══ COLLECTED MATERIAL

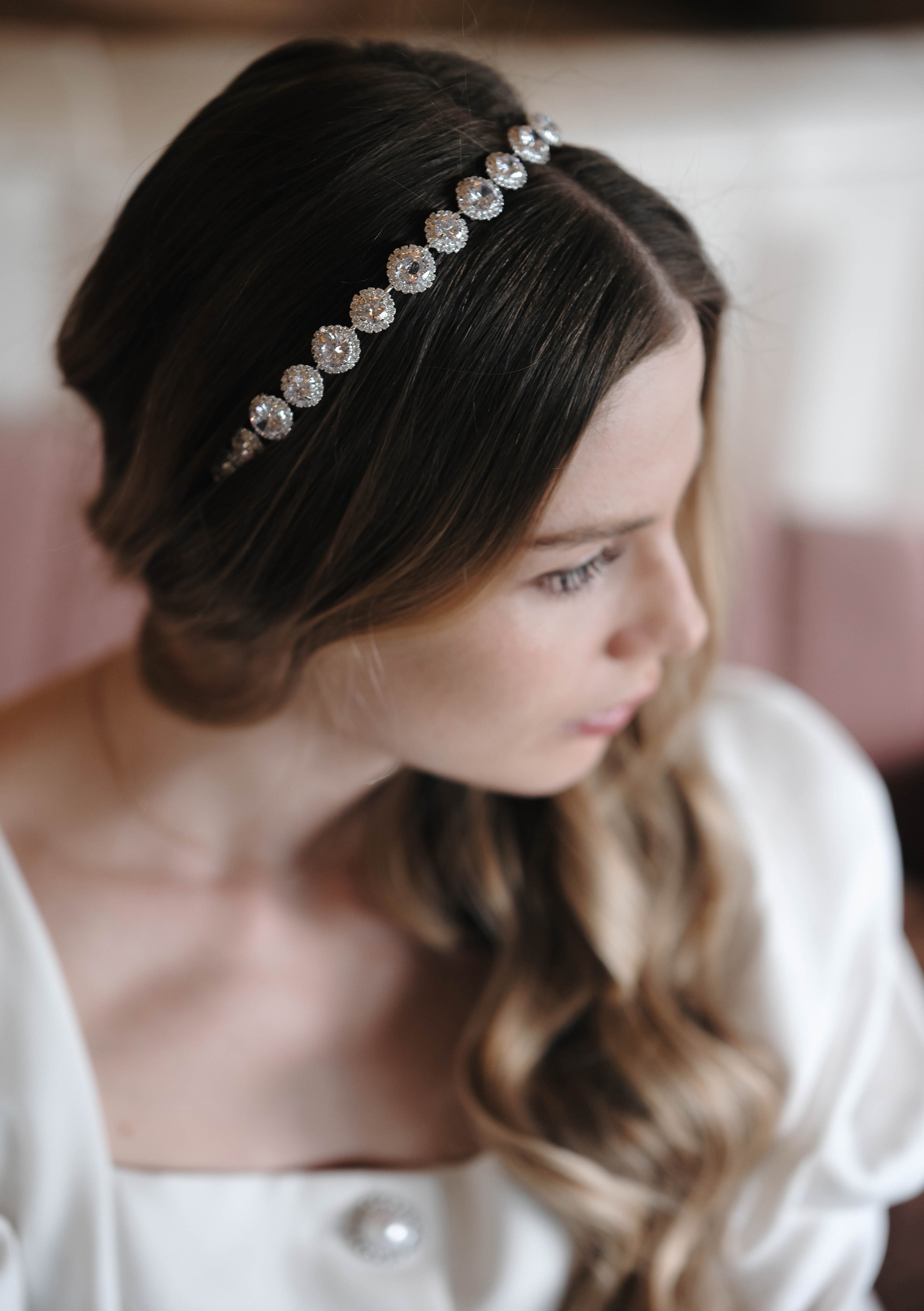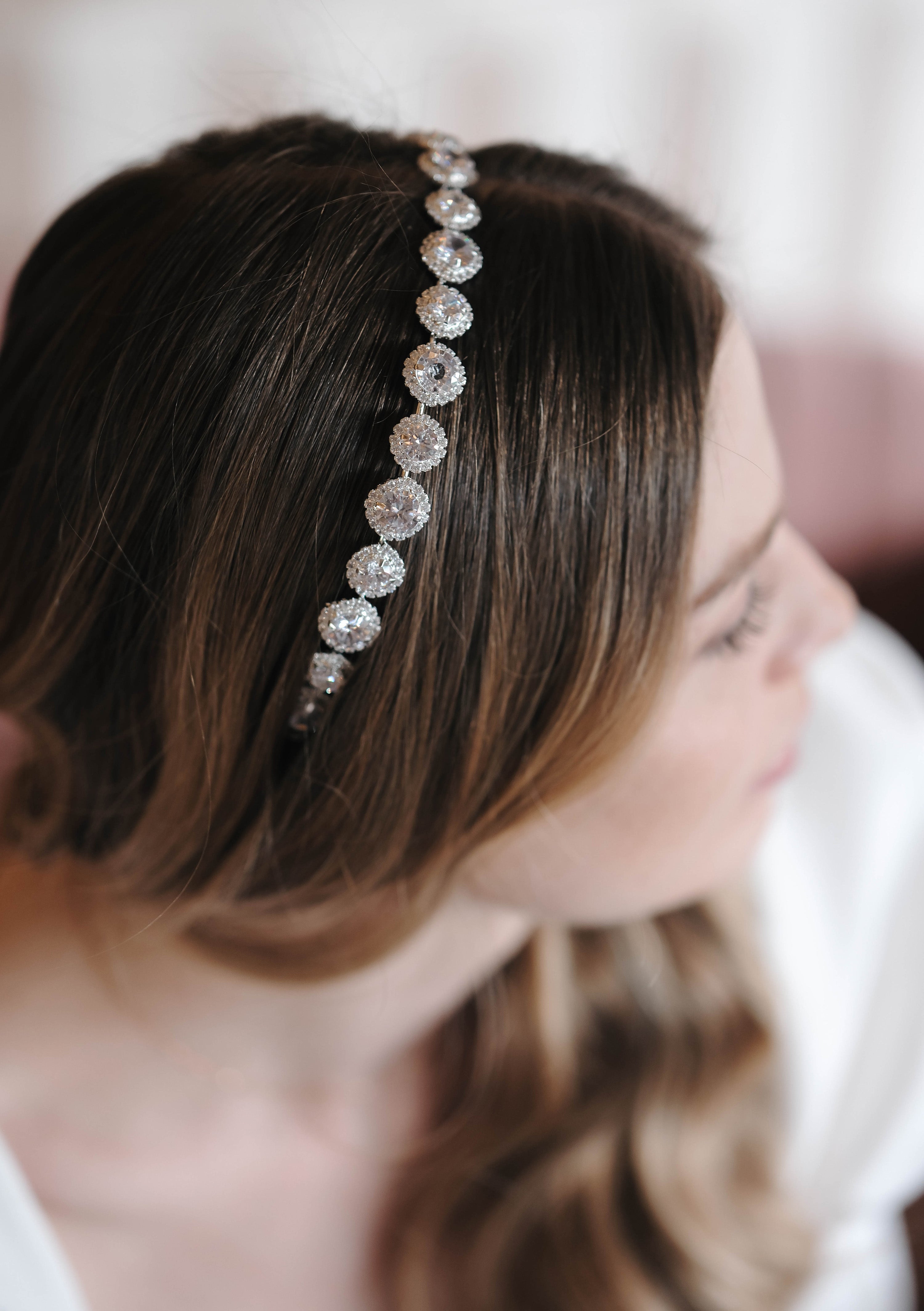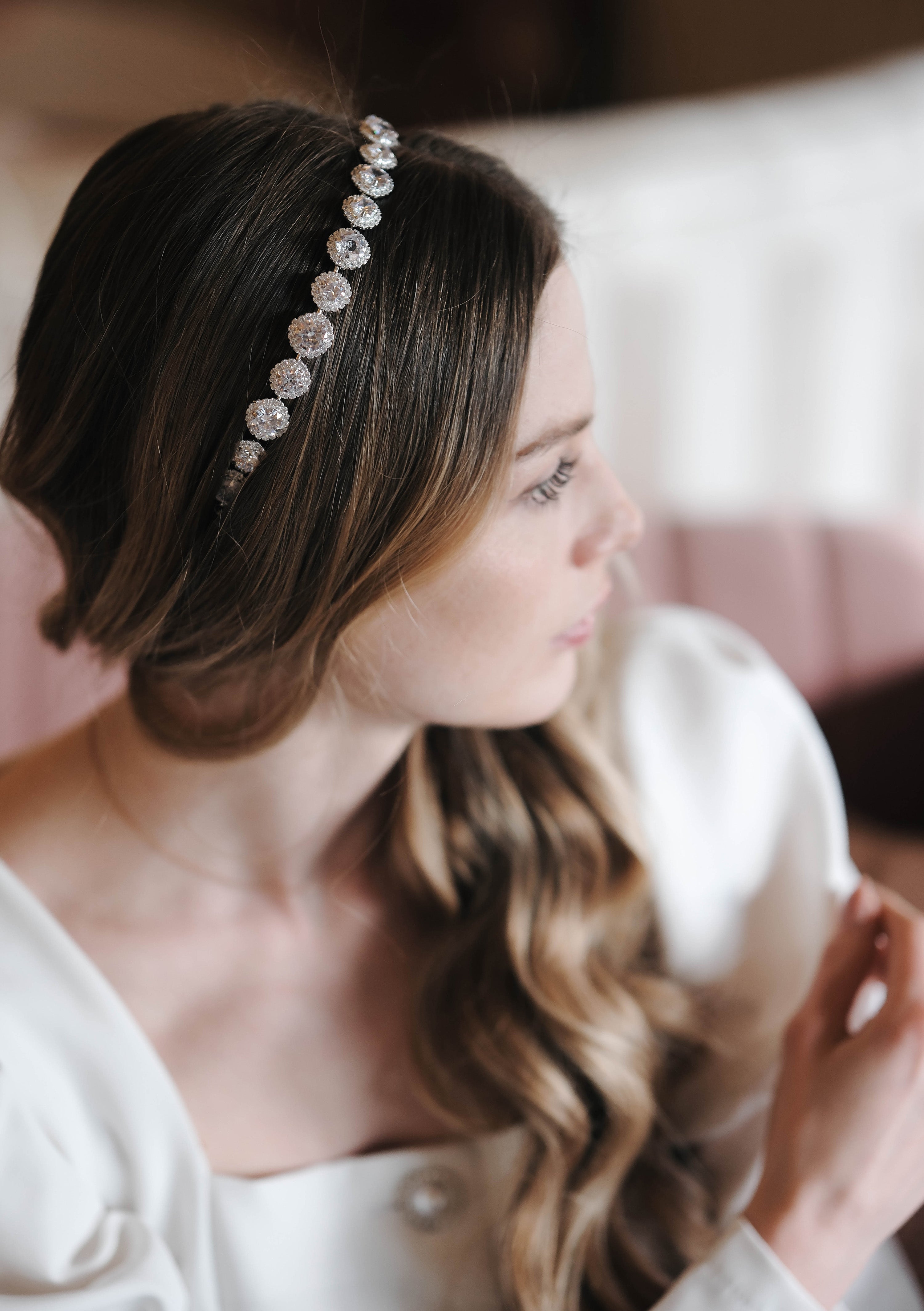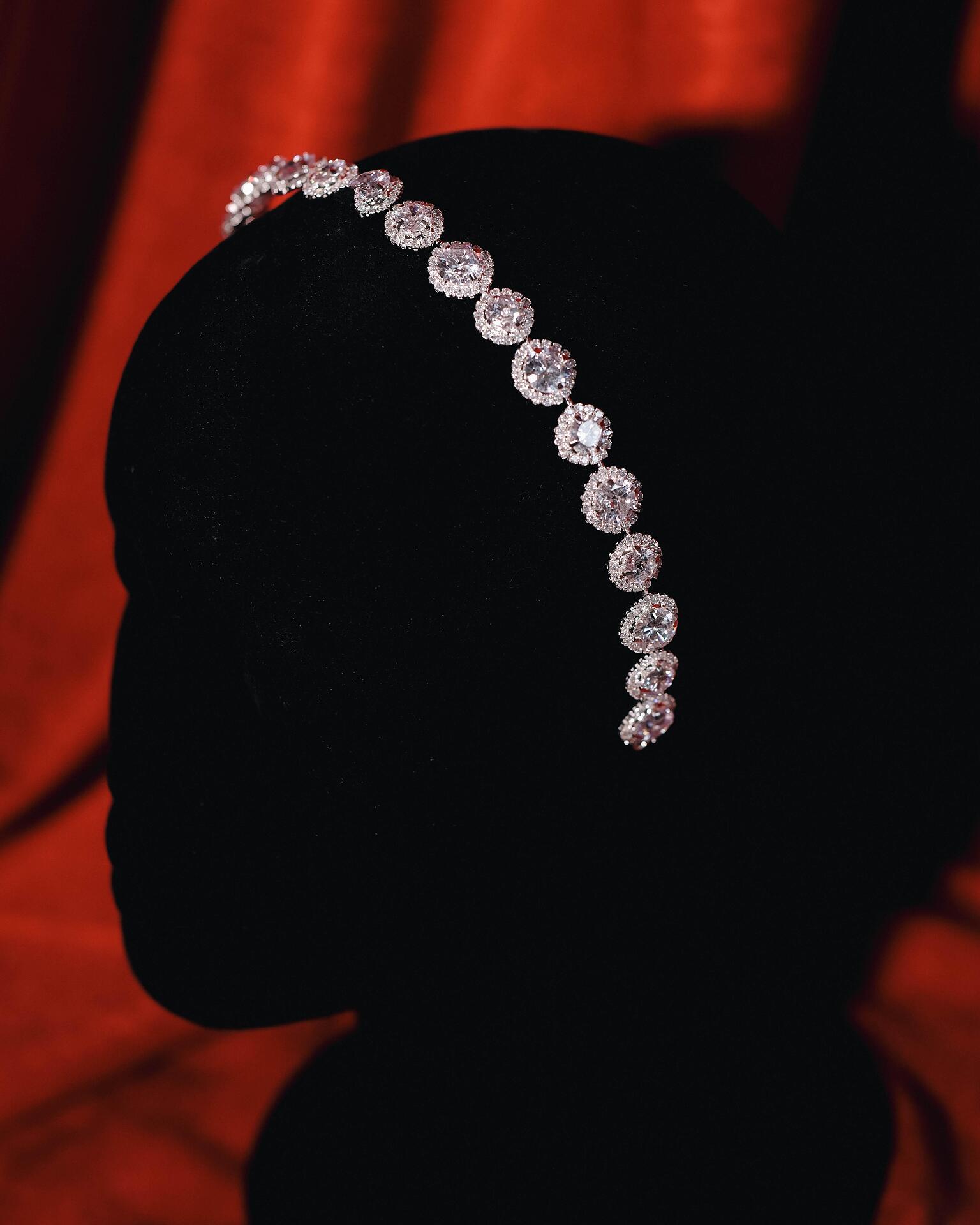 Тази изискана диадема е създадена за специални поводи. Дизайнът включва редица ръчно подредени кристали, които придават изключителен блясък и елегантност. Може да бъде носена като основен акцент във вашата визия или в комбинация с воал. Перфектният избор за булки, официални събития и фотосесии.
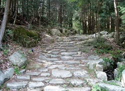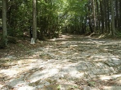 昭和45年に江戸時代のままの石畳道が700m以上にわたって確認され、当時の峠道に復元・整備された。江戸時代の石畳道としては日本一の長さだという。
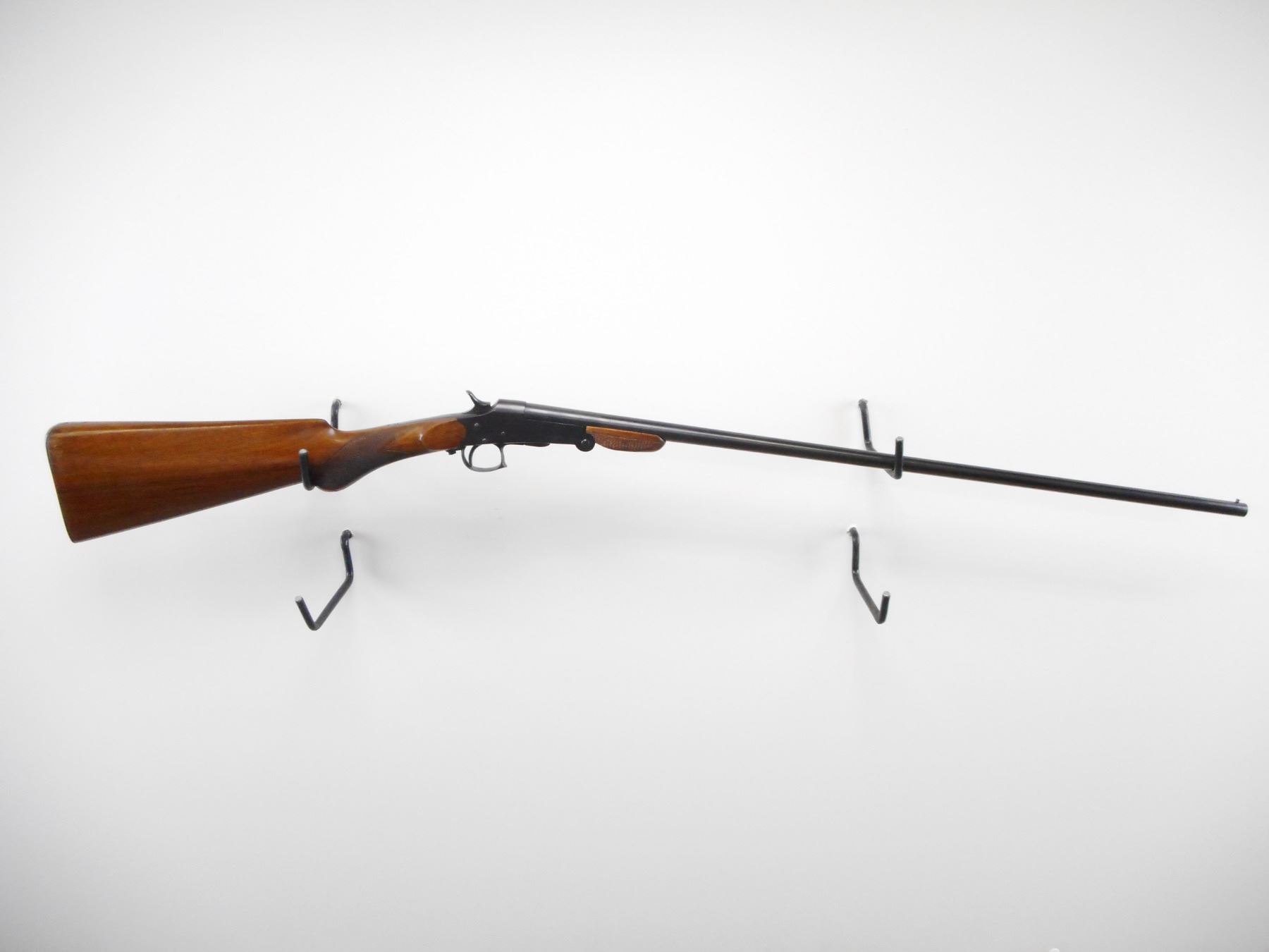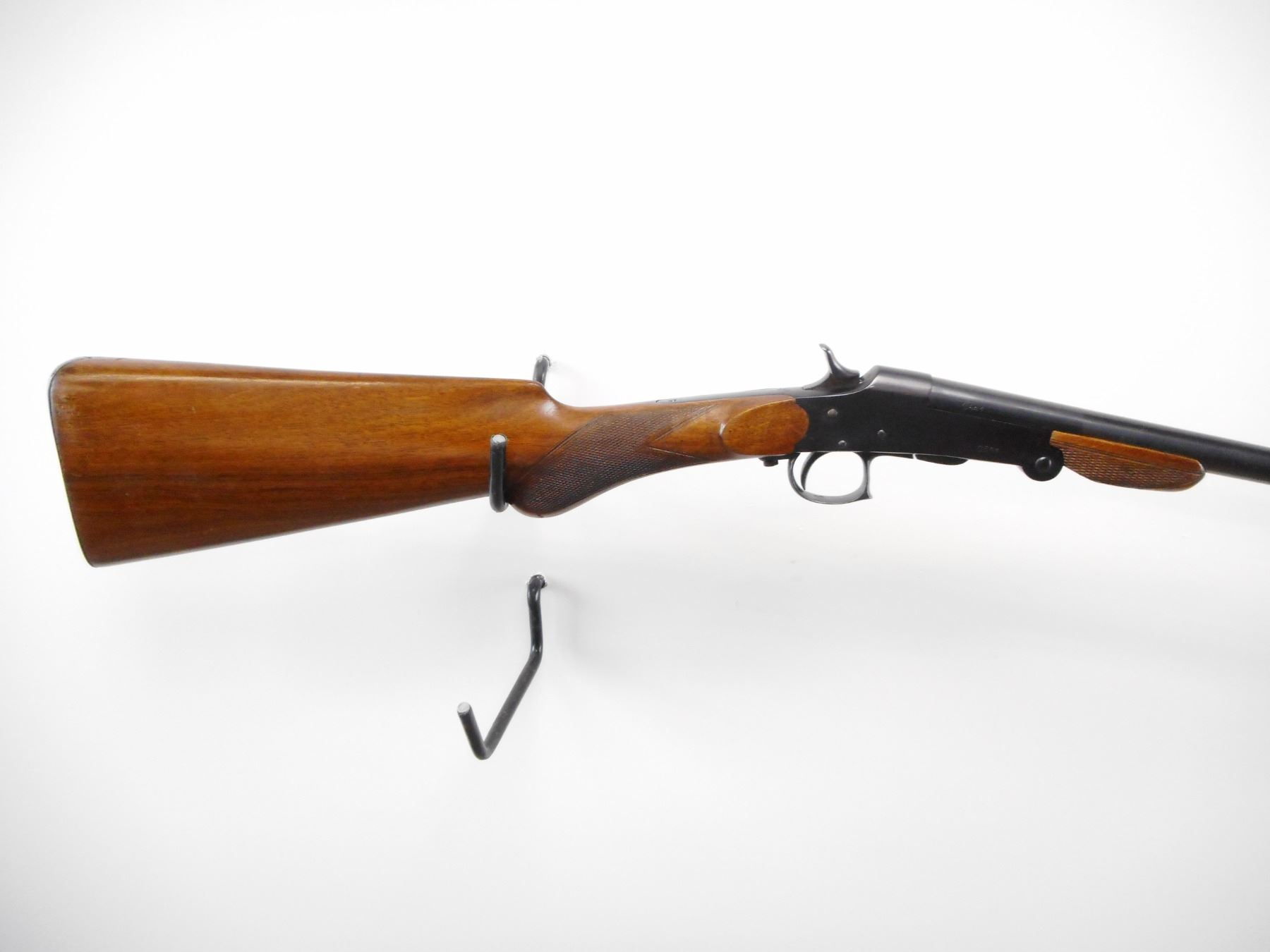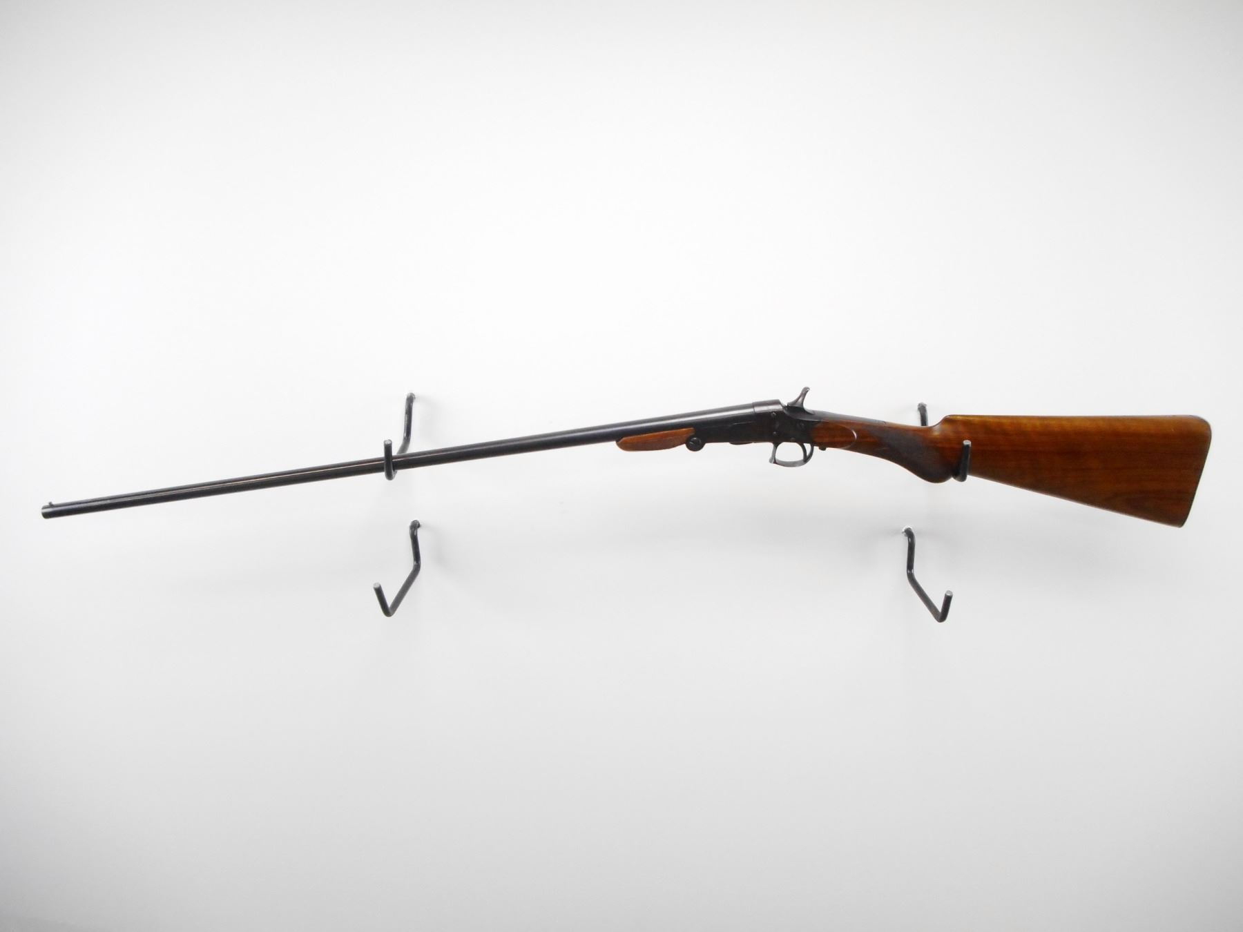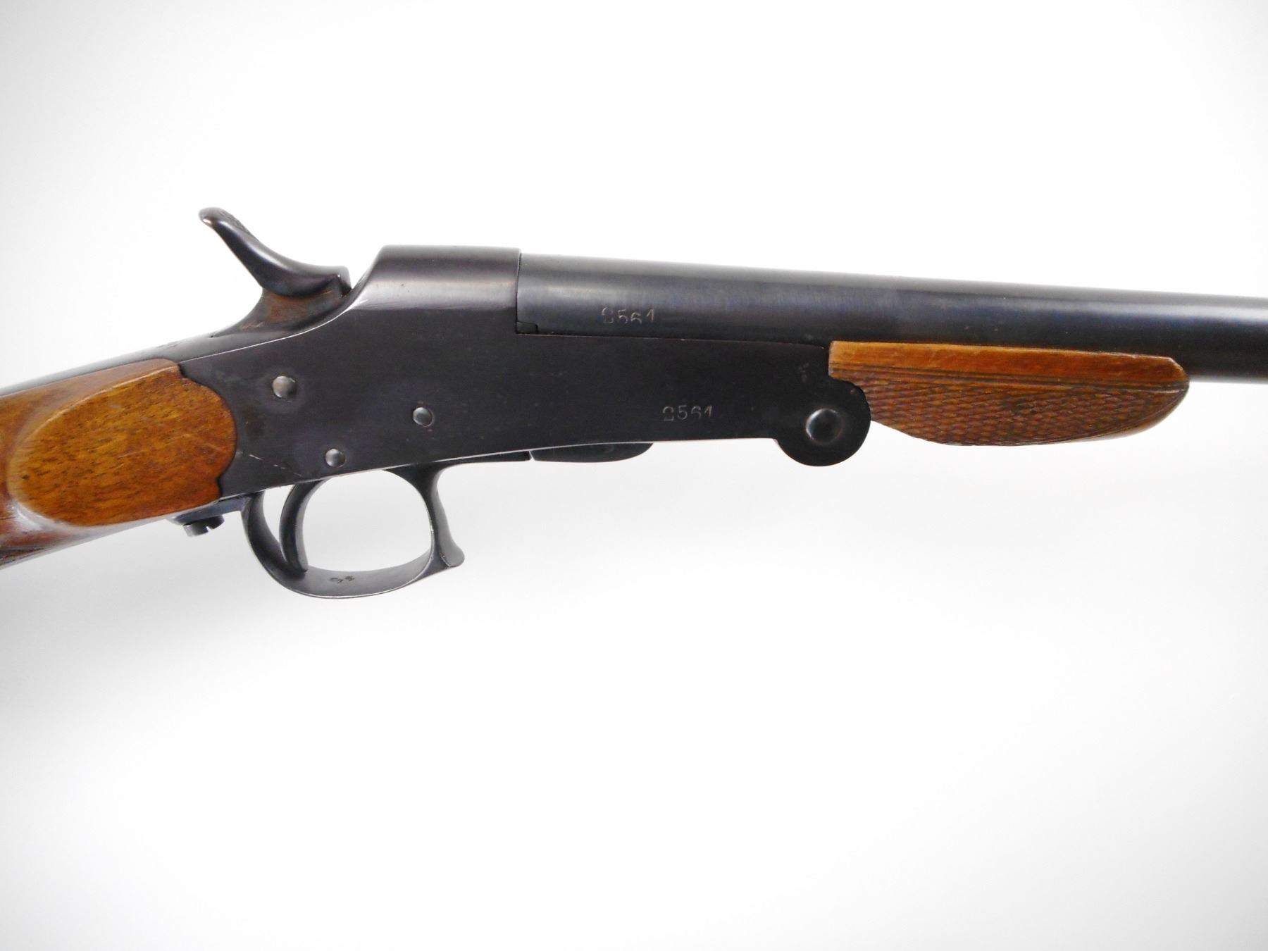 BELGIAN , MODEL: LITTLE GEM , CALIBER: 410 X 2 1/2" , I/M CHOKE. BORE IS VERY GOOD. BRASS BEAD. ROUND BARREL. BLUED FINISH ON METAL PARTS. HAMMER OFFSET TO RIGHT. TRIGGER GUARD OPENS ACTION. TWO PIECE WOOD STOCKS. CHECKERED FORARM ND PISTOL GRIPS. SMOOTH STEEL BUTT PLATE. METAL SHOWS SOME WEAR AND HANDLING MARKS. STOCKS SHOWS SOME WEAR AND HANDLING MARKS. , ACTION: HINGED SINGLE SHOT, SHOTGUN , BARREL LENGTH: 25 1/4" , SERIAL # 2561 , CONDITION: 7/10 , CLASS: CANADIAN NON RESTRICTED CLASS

════

WHAT IS EXPECTED —
Reproduce exactly, and only, the lines from the opening line of the listing above through the line holding "昭和45年に江戸時代のままの", minus the pictures.

THE ANSWER —
 Тази изискана диадема е създадена за специални поводи. Дизайнът включва редица ръчно подредени кристали, които придават изключителен блясък и елегантност. Може да бъде носена като основен акцент във вашата визия или в комбинация с воал. Перфектният избор за булки, официални събития и фотосесии.
 昭和45年に江戸時代のままの石畳道が700m以上にわたって確認され、当時の峠道に復元・整備された。江戸時代の石畳道としては日本一の長さだという。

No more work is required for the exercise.